Machine Learning & LLMs
AI & LLMs in Go
Python owns Model Training. Go owns Model Serving and Orchestration.
In 2026, you rarely train a model from scratch. You run a pre-trained model (Llama 3, Mistral) and build “Agents” around it. Go is perfect for this high-concurrency glue code.
1. Running Local Models (Ollama)
The easiest way to integrate LLMs is Ollama. Ollama runs the model; Go talks to it via API.
Use LangChainGo (github.com/tmc/langchaingo):
llm, err := ollama.New(ollama.WithModel("llama3"))
ctx := context.Background()
completion, err := llms.GenerateFromSinglePrompt(ctx, llm, "Explain Go channels")2. Go 1.26 SIMD Support (Experimental)
Go 1.26 introduces experimental SIMD support via simd and archsimd packages (enabled with GOEXPERIMENT=simd). This is critical for: * Vector Search: Calculating Cosine Similarity between embeddings is just a dot product. SIMD makes this 100x faster. * Inference: Running small neural nets directly in Go.
GOEXPERIMENT=simd go test ./...RAG request path
query text
|
v
embedding model --> vector (float32[])
|
v
SIMD dot product / ANN prefilter
|
v
top-k chunks --> prompt assembly --> LLM response
3. Embeddings & Vector Databases
Go is the standard language for Vector DBs (Milvus, Weaviate are written in Go).

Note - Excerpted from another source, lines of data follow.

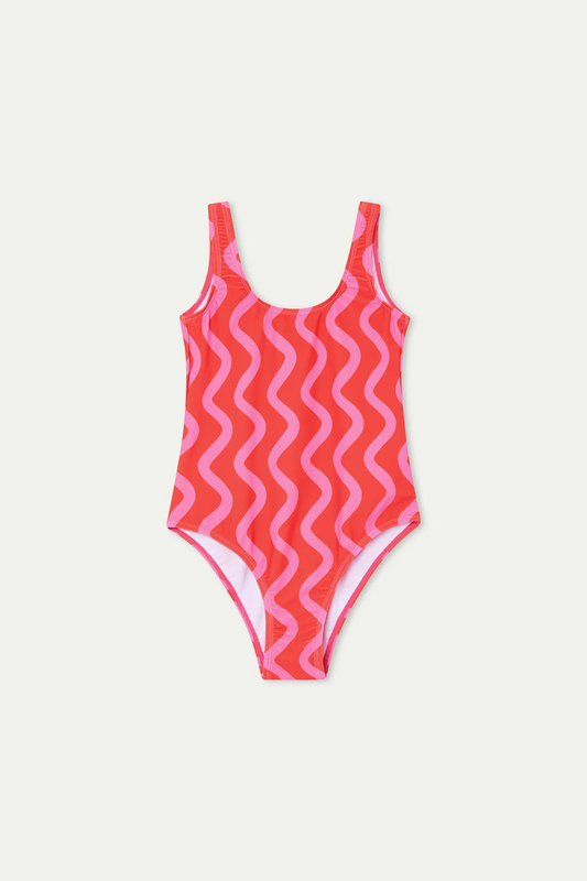 Costume da bagno da bambina con stampa Wave Red & Pink
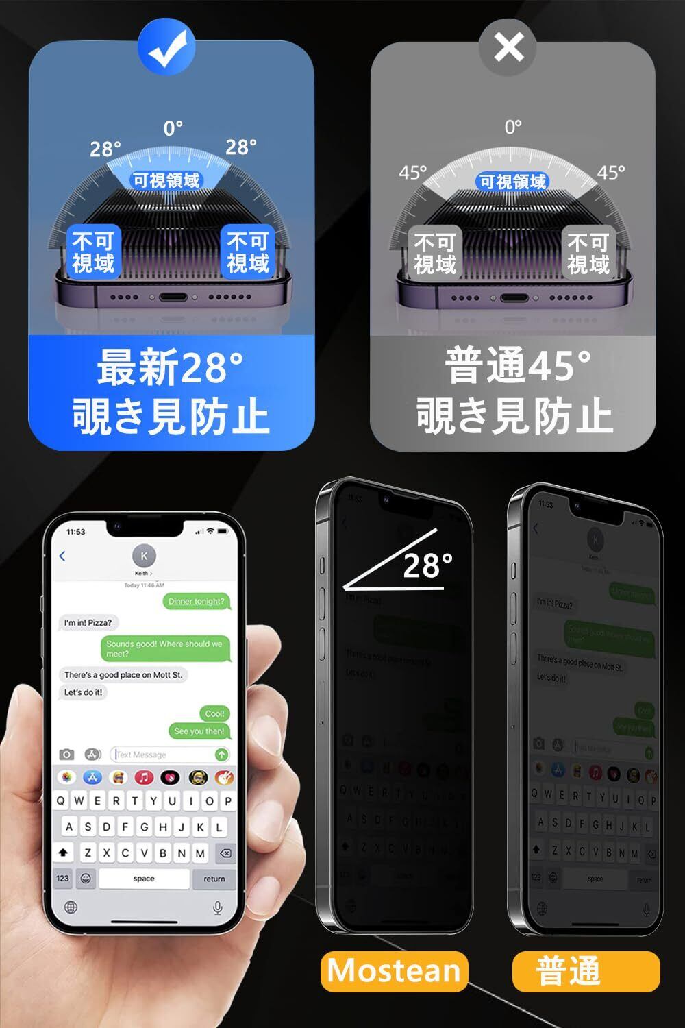 【のぞき見防止】最新鋭の偏光フィルター採用で操作性をキープしながらのぞき見を防止します。正面から見ると高透過率ではっきり見えますが、周りから見ると真っ黒で何も見られなくなり、満員電車やバスの中でもプライベートが守られて、ご安心ください!ご注意:のぞき見防止効果は画面の明るさによって変わります。
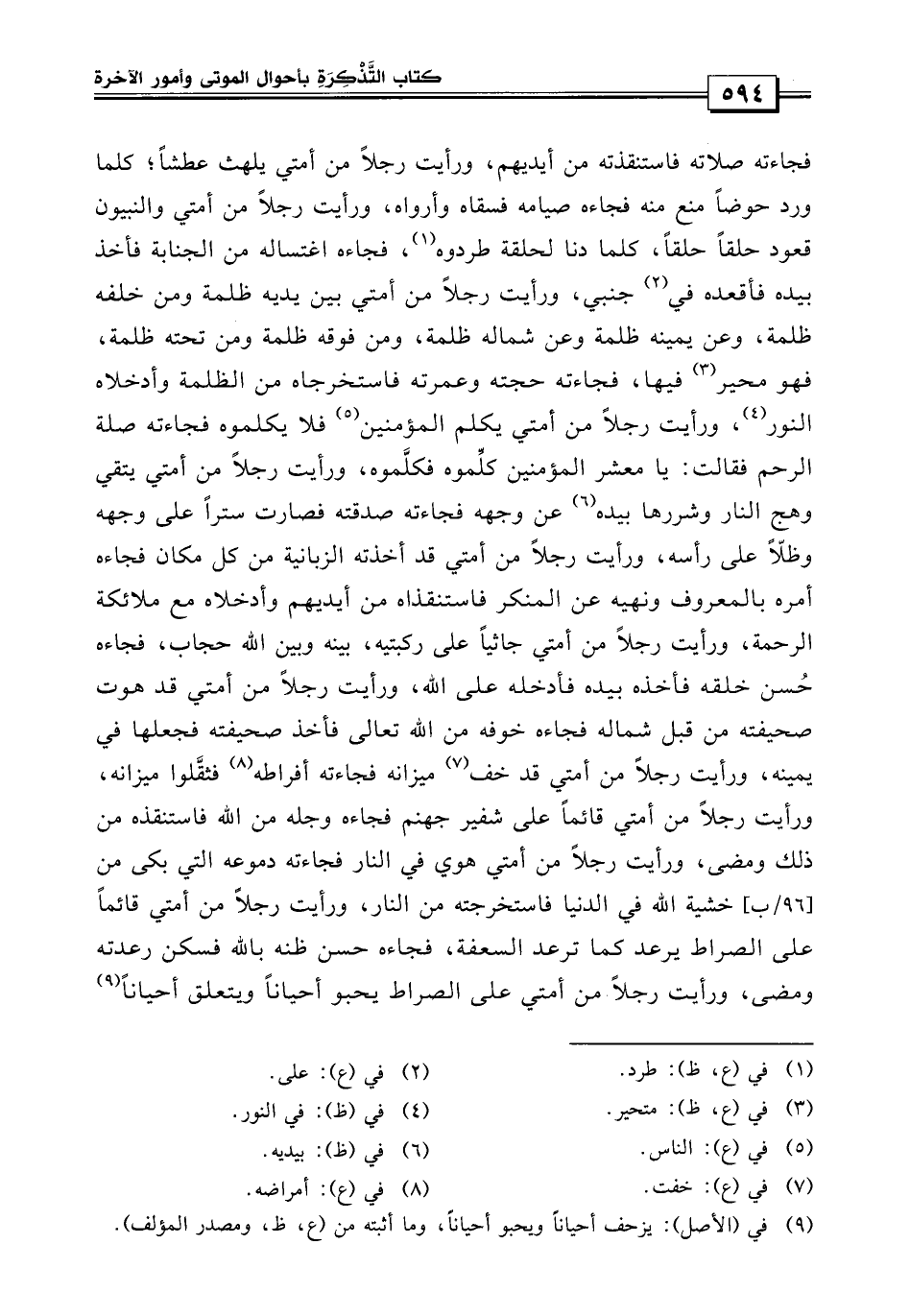 فجاءته صلاته فاستنقذته من أيديهم، ورأيت رجلاً من أمتي يلهث عطشاً كلما ورد حوضاً منع منه فجاءه صيامه فسقاه وأرواه، ورأيت رجلاً من أمتي والنبيون قعود حلقاً حلقاً كلما دنا لحلقة طردوه، فجاء اغتساله من الجنابة فأخذ بيده وأقعده بجنبي، ورأيت رجلاً من أمتي من بين يديه ظلمة ومن خلفه ظلمة وعن يمينه ظلمة وعن شماله ظلمة ومن فوقه ظلمة ومن تحته ظلمة فهو متحير فيها، فجاءته حجته وعمرته فاستخرجاه من الظلمة وأدخلاه في النور، ورأيت رجلاً من أمتي يكلم المؤمنين فلا يكلمونه فجاءته صلة الرحم، فقالت يا معشر المؤمنين كلموه فكلموه، ورأيت رجلاً من أمتي يتقي شرر النار ووهجها بيده عن وجهه فجاءته صدقته فصارت ستراً على وجهه وظلا على رأسه، ورأيت رجلاً من أمتي قد أخذته الزبانية من كل مكان فجاءه أمره بالمعروف ونهيه عن المنكر فاستنفذه من أيديهم وأدخلاه مع ملائكة الرحمة، ورأيت رجلاً من أمتي جانباً على ركبتيه بينه وبين الله حجاب فجاءه حسن خلقه فأخذ بيده فأدخله على الله، ورأيت رجلاً من أمتي قد هوت صحيفة من قبل شماله فجاءه خوفه من الله تعالى فأخذ صحيفته فجعلها في يمينه، ورأيت رجلاً من أمتي قد خف ميزانه فجاءته أفراطه فثقلوا ميزانه، ورأيت رجلاً من أمتي قائماً على شفير جهنم فجاءه وجله من الله فاستنقذه من ذلك ومضى، ورأيت رجلاً من أمتي هوى في النار فجاءته دموعه التي بكى من خشية الله في الدنيا فاستخرجته من النار، ورأيت رجلاً من أمتي قائماً على الصراط يرعد كما ترعد السعفة فجاءه حسن ظنه بالله فسكن رعده ومضى، ورأيت رجلاً من أمتي على الصراط،، يحبو أحيانا ويتعلق أحيانا
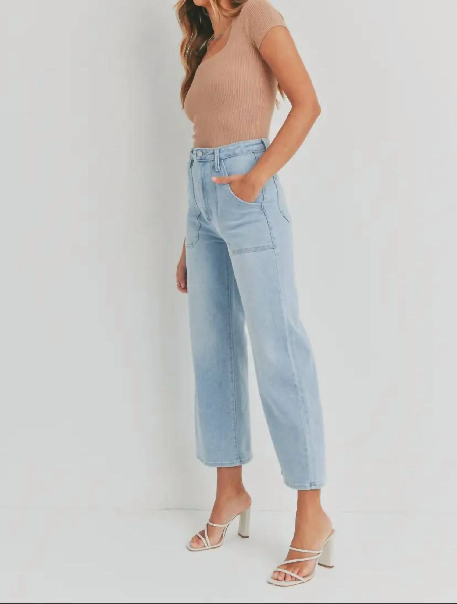Discover the Cargo Pocket Wide Leg High Rise Jeans by JUST BLACK DENIM in a trendy light wash, engineered for both comfort and style. These jeans feature a high rise of 12 inches and a relaxed fit, perfectly contoured with a zip closure for ease. Crafted from a blend of 93% Cotton, 5% Polyester, and 2% Spandex, they include functional utility cargo pockets for a practical yet fashionable touch. Made in the USA, these jeans are easy to care for with machine wash and tumble dry instructions, perfect for any casual occasion.
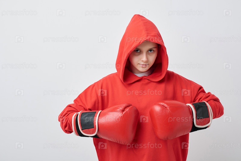 Серьезная девочка-подросток в красной капюшоне и боксерских перчатках держит руки за грудь
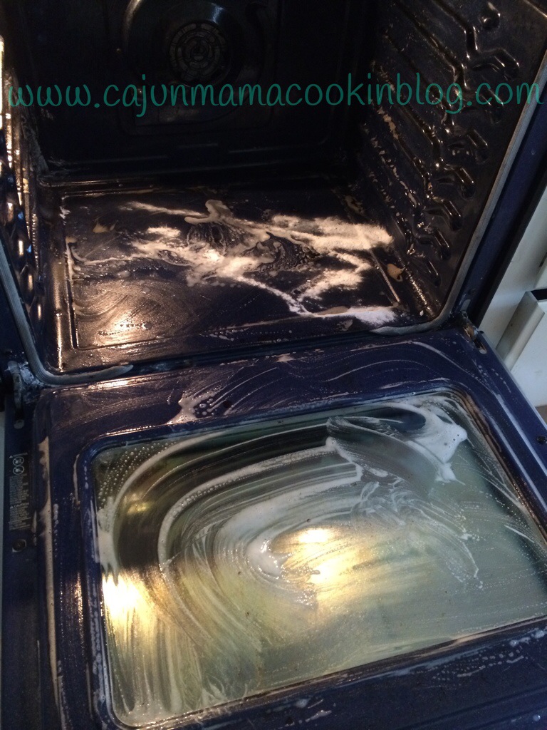 So I had just put the last batch of Pioneer Woman’s olive cheese bread…seriously like crack…it is addictive and it draws people to it like a cheesy savory magnet. Here is the recipe I had posted a while back…https://cajunmamacookinblog.com/2013/09/30/olive-cheese-bread/. It’s good stuff y’all. But a few minutes after I put the last batch in, my oven started to smoke. When you have 20 + people in your house, in your kitchen, that is a little alarming. Yeah…I knew then it was time to clean the oven again. It’s funny now and thank heavens the smoke alarm did not go off. Ha ha!! But really. So yesterday I spent much of the day wrangling my youngest monkey (he is a cute little mess) and putting the house back together after all the fun from the night before. Cajun mama and friends can get down now. lol! I am working on a post including all the recipes from that night. Anyway, this morning I woke up and decided it was time to get ‘er done as BD and every other Southern male says from time to time. I strongly dislike oven cleaner so I don’t even have it. I am pretty sure I lose brain cells every time I use that stuff and frankly, I have lost enough during my fast track to motherhood. I will keep the ones I have thanks so much. Thanks to Pinterest, my go to cleaning ingredients are blue Dawn, vinegar and baking soda. I found a post that told me kind of how to use these ingredients to clean the oven. Here is that linkhttp://www.couponingtodisney.com/homemade-oven-cleaner/. But I just looked at ratio of ingredients and got to it. In a big plastic glad ware container I combined about 1/2 cup baking soda, 1/2 cup vinegar and 1/2 cup dawn. Those are guesstimates. Just combine and add more of one or other until you have a paste like substance. It’s not an exact science and you can do this.
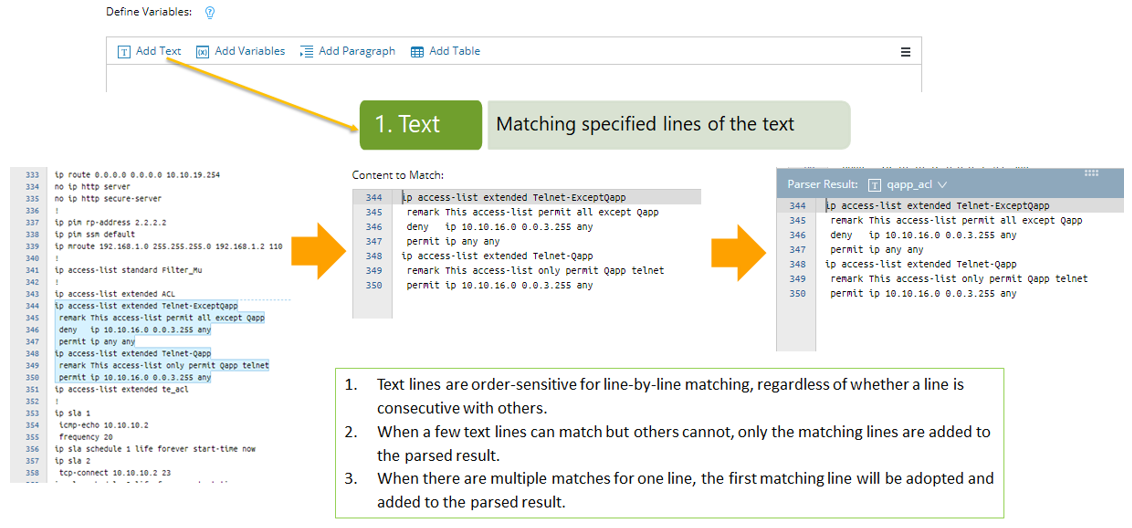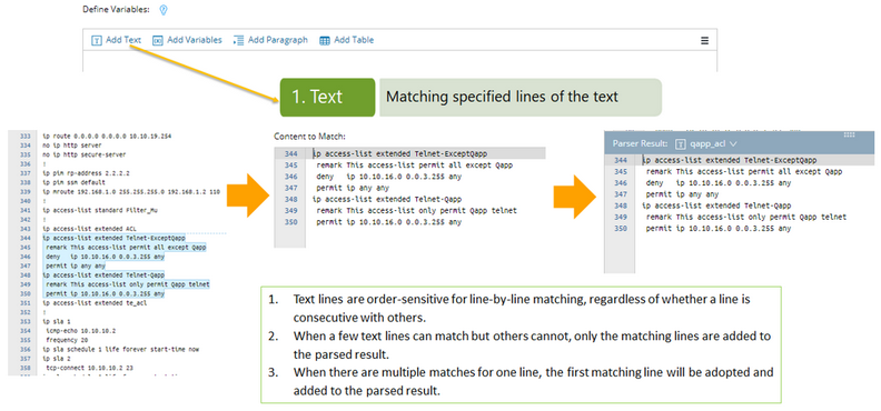 Paragraph parser can parse variables in recurring paragraphs, such as collisions and CRC errors for interfaces, etc., by anchoring paragraph identifier (ID) lines. See Define a Paragraph Parser for more details.
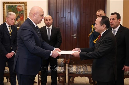 越南驻埃及兼驻黎巴嫩大使阮辉勇3月11日在黎巴嫩首都贝鲁特的巴卜达宫向黎巴嫩总统约瑟夫·奥恩(Joseph Aoun)递交越南国家主席梁强的委任书。

Workflow: 1. Receive Text -> Send to Embedding Model (via API or Local binding). 2. Get []float32. 3. Store in Postgres (pgvector) or Weaviate.
Concrete retrieval stub:
type Chunk struct {
ID string
Text string
Score float32
}
func topK(ctx context.Context, q []float32, k int) ([]Chunk, error) {
// Use pgvector distance operator and ORDER BY distance LIMIT k.
return nil, nil
}Summary
Don’t use Python for the API layer of your AI app. * Python: Research code, PyTorch. * Go: The API server, the RAG pipeline, the WebSocket handler.